Sur les dommages et intérêts pour résistance abusive
Si, conformément aux dispositions de l’article 1231-6, alinéa 3, du code civil, le créancier auquel son débiteur a causé, par sa mauvaise foi, un préjudice indépendant du retard de paiement, peut obtenir des dommages et intérêts distincts des intérêts moratoires, il n’est pas justifié par la requérante du préjudice indépendant de ce retard compensé justement par les intérêts accordés. La demande de ce chef ne peut donc qu’être rejetée.
Quant au fondement délictuel, il ne saurait fonder une telle condamnation en l’espèce, à défaut également pour la requérante de démontrer la faute ayant fait dégénérer en abus le droit d’agir ou de se défendre.
Sur les autres demandes
L’équité commande de faire application des dispositions de l’article 700 du code de procédure civile au bénéfice de la société L’ATELIER DE [Localité 1] BOUGIE et de lui allouer à ce titre la somme de 800,00 €.
La société RELENTLESS qui succombe au principal doit supporter la charge des dépens.

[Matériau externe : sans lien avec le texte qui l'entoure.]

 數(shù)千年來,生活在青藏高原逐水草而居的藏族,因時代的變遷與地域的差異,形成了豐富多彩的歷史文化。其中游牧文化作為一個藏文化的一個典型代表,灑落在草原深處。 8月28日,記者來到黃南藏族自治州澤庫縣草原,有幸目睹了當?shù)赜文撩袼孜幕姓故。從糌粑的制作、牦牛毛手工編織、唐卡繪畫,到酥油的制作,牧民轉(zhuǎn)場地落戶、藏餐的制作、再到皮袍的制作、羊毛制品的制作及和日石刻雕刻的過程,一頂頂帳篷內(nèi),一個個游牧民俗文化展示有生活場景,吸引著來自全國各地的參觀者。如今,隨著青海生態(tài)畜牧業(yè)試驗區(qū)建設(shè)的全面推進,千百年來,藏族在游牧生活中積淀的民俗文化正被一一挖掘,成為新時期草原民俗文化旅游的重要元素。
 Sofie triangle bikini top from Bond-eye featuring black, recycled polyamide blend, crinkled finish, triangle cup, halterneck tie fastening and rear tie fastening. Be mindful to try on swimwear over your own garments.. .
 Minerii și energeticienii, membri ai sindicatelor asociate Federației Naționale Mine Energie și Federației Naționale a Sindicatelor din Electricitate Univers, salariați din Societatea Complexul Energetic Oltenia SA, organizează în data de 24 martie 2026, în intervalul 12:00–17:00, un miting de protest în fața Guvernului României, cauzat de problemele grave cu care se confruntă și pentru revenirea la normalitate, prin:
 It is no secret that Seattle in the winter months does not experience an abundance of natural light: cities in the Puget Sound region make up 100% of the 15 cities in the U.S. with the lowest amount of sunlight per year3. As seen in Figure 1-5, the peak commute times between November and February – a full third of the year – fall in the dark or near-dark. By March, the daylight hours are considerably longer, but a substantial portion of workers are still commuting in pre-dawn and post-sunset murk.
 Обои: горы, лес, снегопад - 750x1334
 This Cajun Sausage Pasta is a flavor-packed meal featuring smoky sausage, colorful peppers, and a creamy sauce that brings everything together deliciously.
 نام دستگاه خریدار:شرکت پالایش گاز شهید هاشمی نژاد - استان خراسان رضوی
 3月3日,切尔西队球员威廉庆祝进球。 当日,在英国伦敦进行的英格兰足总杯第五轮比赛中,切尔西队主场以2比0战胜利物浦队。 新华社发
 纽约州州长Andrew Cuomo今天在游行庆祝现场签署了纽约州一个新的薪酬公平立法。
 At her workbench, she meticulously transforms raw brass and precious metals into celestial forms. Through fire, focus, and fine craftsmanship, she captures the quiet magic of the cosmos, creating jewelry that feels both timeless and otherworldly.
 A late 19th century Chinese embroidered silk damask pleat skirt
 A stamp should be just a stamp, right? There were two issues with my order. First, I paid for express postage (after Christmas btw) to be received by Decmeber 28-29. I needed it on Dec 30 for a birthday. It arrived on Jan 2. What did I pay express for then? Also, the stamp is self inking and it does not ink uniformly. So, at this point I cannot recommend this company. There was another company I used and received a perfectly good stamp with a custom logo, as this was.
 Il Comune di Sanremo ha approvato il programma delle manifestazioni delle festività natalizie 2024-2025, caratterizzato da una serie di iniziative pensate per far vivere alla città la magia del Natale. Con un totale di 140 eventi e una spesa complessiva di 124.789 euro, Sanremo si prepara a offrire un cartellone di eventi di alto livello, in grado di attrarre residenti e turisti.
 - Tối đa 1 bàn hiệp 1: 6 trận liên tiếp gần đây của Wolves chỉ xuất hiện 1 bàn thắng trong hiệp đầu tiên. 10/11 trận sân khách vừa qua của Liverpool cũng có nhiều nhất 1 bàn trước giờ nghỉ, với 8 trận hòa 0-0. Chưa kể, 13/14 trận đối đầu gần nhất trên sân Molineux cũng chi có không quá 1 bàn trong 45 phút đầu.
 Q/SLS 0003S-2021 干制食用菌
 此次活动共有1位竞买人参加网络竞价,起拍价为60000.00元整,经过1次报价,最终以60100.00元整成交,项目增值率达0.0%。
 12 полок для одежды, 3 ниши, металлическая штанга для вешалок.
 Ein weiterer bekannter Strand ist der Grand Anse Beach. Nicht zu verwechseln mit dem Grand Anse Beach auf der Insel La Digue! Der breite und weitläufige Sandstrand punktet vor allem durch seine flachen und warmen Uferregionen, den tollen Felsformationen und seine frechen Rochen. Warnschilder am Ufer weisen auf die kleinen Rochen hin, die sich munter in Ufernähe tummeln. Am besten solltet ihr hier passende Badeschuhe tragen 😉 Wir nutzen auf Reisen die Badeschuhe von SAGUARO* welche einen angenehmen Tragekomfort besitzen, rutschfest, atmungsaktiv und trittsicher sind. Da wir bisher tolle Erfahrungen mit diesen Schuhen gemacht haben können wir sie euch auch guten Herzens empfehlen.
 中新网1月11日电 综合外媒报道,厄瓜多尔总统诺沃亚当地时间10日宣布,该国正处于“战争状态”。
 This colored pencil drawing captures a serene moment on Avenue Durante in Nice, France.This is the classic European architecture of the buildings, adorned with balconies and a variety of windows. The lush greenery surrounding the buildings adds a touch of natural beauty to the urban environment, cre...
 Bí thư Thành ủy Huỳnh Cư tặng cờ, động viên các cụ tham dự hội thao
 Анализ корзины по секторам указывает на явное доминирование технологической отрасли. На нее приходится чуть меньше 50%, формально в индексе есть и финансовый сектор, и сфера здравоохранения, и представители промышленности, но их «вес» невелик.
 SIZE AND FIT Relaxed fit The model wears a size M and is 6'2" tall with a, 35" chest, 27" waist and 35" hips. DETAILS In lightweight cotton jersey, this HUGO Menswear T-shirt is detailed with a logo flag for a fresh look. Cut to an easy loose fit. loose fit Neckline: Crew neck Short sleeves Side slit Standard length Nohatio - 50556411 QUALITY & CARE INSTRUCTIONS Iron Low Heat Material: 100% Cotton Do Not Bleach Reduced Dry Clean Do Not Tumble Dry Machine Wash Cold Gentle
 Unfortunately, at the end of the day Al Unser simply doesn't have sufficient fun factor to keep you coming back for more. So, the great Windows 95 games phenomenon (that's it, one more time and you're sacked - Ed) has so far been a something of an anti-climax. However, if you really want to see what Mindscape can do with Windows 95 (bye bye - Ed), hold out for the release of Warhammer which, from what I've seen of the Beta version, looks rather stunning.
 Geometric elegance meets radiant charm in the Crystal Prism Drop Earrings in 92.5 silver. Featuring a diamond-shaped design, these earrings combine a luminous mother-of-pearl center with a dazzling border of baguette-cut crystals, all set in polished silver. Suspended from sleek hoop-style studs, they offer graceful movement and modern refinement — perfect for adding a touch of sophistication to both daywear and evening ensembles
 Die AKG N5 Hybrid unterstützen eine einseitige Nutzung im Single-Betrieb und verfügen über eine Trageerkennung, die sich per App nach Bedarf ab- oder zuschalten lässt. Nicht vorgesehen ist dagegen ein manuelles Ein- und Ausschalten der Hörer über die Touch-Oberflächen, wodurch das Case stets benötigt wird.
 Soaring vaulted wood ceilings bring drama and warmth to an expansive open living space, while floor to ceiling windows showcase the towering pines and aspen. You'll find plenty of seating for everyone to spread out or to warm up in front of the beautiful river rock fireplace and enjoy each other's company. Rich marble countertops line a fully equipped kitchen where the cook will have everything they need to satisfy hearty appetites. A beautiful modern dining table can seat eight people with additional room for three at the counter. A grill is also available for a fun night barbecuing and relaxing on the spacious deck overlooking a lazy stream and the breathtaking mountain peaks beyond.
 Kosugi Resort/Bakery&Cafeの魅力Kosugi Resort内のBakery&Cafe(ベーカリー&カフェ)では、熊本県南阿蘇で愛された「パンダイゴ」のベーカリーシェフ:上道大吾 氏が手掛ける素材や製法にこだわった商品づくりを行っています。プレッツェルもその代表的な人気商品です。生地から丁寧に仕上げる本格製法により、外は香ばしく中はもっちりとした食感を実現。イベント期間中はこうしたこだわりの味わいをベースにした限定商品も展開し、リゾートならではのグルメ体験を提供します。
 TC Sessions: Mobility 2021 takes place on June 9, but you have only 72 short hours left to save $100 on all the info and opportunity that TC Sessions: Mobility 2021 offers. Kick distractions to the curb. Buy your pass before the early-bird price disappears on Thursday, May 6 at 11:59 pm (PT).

La décision étant rendue en dernier ressort, la demande formée à cet égard est superfétatoire.
Par ces motifs :
Nous, Gérard ARNAULT, juge des référés près le tribunal des activités économiques d’Avignon, statuant par ordonnance par défaut, assisté du greffier :
Condamnons la société RELENTLESS à payer par provision à la société L’ATELIER DE [Localité 1] BOUGIE la somme de 420,73 €, outre les intérêts au taux légal à compter du 2 juin 2025, ainsi que la somme de 40,00 € au titre de l’indemnité forfaitaire pour frais de recouvrement,
Condamnons la société RELENTLESS à payer à la société L’ATELIER DE [Localité 1] BOUGIE la somme de 800,00 € à titre d’indemnité sur le fondement de l’article 700 du code de procédure civile,
Condamnons la société RELENTLESS aux dépens, dont ceux de greffe, liquidés comme il est dit en en-tête,
La présente décision a été signée sur l’original conservé au greffe en minute conformément à l’article 456 du code de procédure civile et a été prononcé par mise à disposition au greffe en application de l’article 453 du code de procédure civile comme il est dit en en-tête.